Having recognised the urgent need for better support resources, in 2023 my team at the Cure and Action for Tay-Sachs (CATS) Foundation embarked on a project to develop an interactive digital toolkit. Created in collaboration with patient learning specialists Cognitant Group and supported by unrestricted educational grants from Sanofi and Azafaros, the toolkit was designed to empower those affected by Tay-Sachs disease by providing easy access to simple and reliable information. 

The Toolkit is composed of bespoke content suitable for both scientific and non-scientific audiences. Alongside multi-format information about the disease itself, the kit includes an A-Z glossary of terms, signposting to sources of external support, and information on participating in research and clinical trials. 

When designing the content, the team decided to take a co-creation approach. This involved consulting with groups of people with first-hand experience of Tay-Sachs, including families, support group members, researchers and healthcare professionals. We used their expertise to inform the types of content and the most helpful topics to focus on, and to identify which external resources we would link to. 

The Toolkit is currently being piloted and is available for use via the online Healthinote platform or and the CATS Foundation website. Feedback from users will be assessed to iteratively develop and improve the resource.

Transforming families’ Tay-Sachs journeys 

Receiving, understanding and living with a Tay-Sachs diagnosis will never be an easy experience for affected individuals and their loved ones.

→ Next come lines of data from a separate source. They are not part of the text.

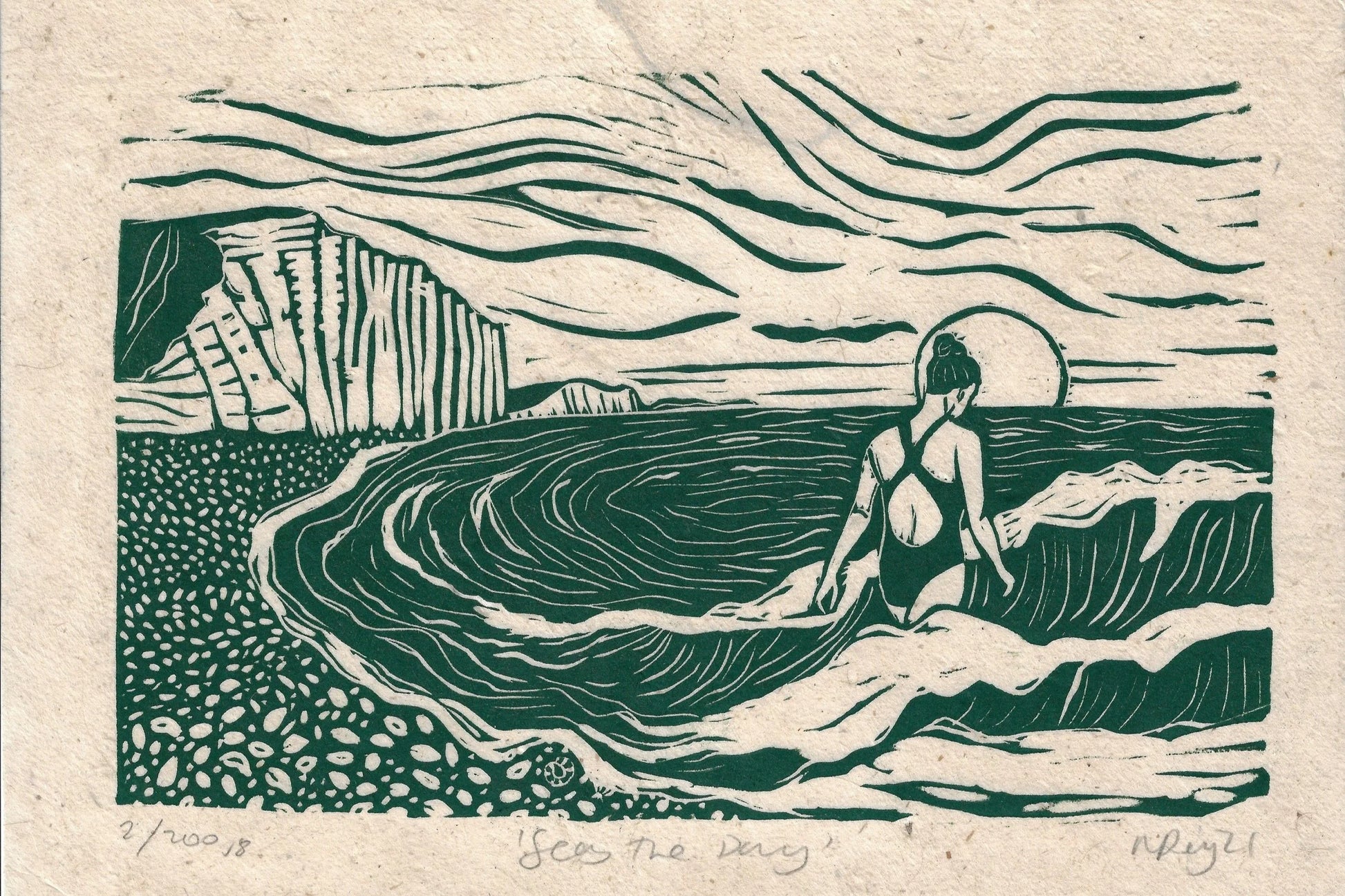 This hand carved linocut print is inspired by adventures in outdoor swimming in Dorset and the surrounding area, the feeling of an early morning sea swim and how it can rejuvenate and revitalise the soul.
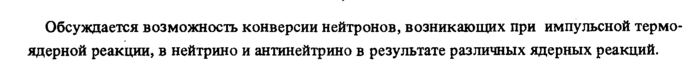 Обсуждается возможность конверсии нейтронов, возникающих при импульсной термоядерной реакции, в нейтрино и антинейтрино в результате различных ядерных реакций.
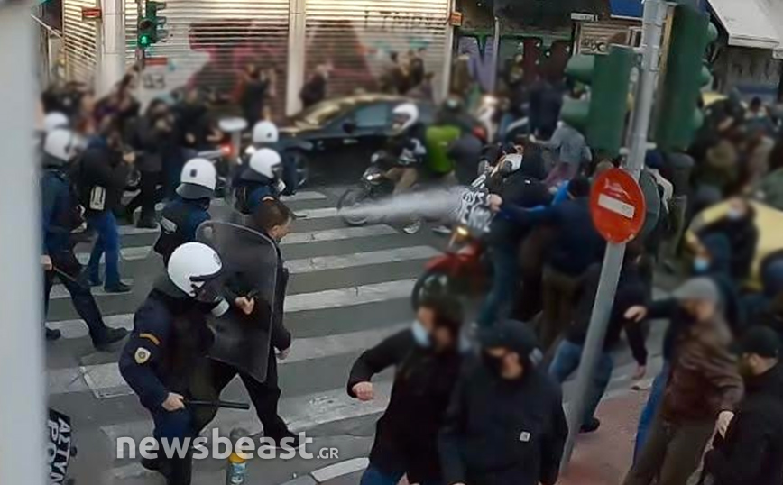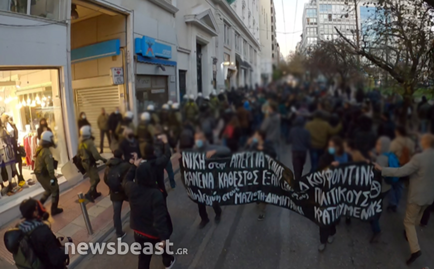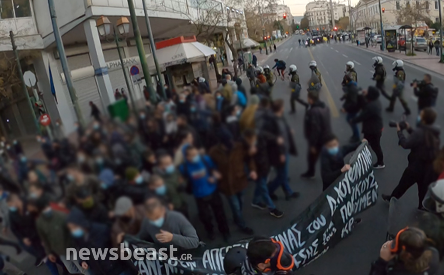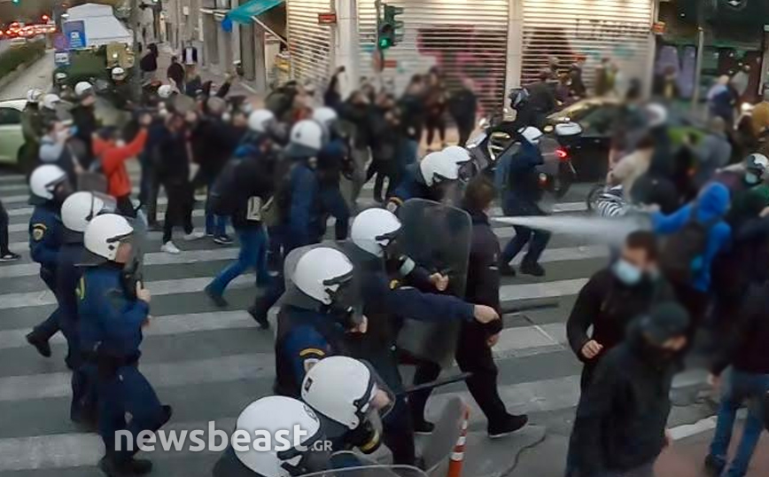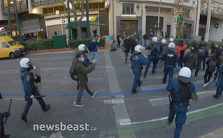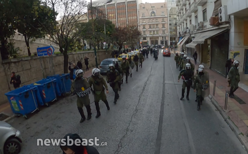 Οι συγκεντρωμένοι προσπάθησαν να κάνουν μίνι πορεία στους δρόμους του κέντρου αλλά κυνηγήθηκαν ξανά από τα ΜΑΤ.
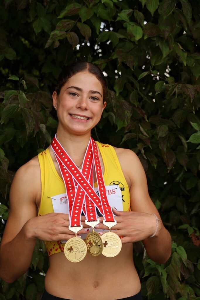 Als zweifache Medaillengewinnerin durfte sich in derselben Kategorie Mara Schwitter feiern lassen. Sie steigerte sich über die 100m-Hürden enorm. Nach neuer Bestzeit in den Vorläufen verbesserte sie sich Im Final weiter auf ausgezeichnete 13.52sec und gewann in einem starken Feld Bronze. Über 100m überzeugte die U18-Athletin mit der Silbermedaille in 11.78 sec und ermöglichte dem TV Teufen einen Doppelsieg.
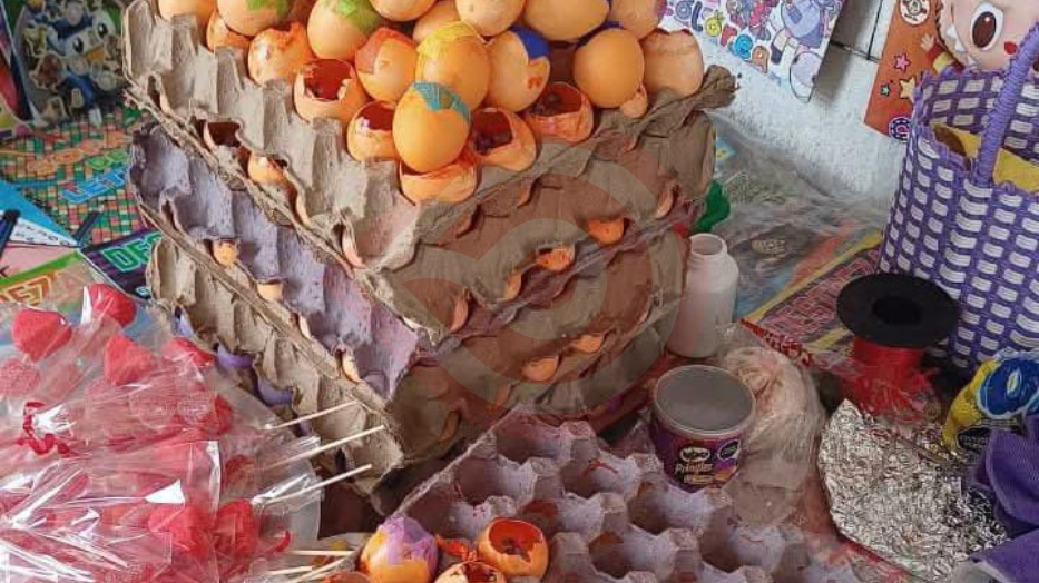 Un elemento importante son los cascarones, se utilizan materiales como el nejayoye para cerrar los cascarones que es un material que sale del nixtamal (maíz), plumas de guajolote para pintarlos, pintura anilina combinada con aguardiente, así como confeti o harina para rellenarlos, este es un elemento indispensable en esta fiesta.

Whilst I remain hopeful that cure will soon be made available, I also believe that it’s important for healthcare providers to champion the rights of their patients to receive the education and support they are entitled to. By connecting the web of support services and treatment providers, and by delivering access to high-quality, empowering resources, clinicians can transform the experience for families. Whilst the journey will inevitably be heart wrenching, it doesn’t have to be a stressful, lonely or difficult one.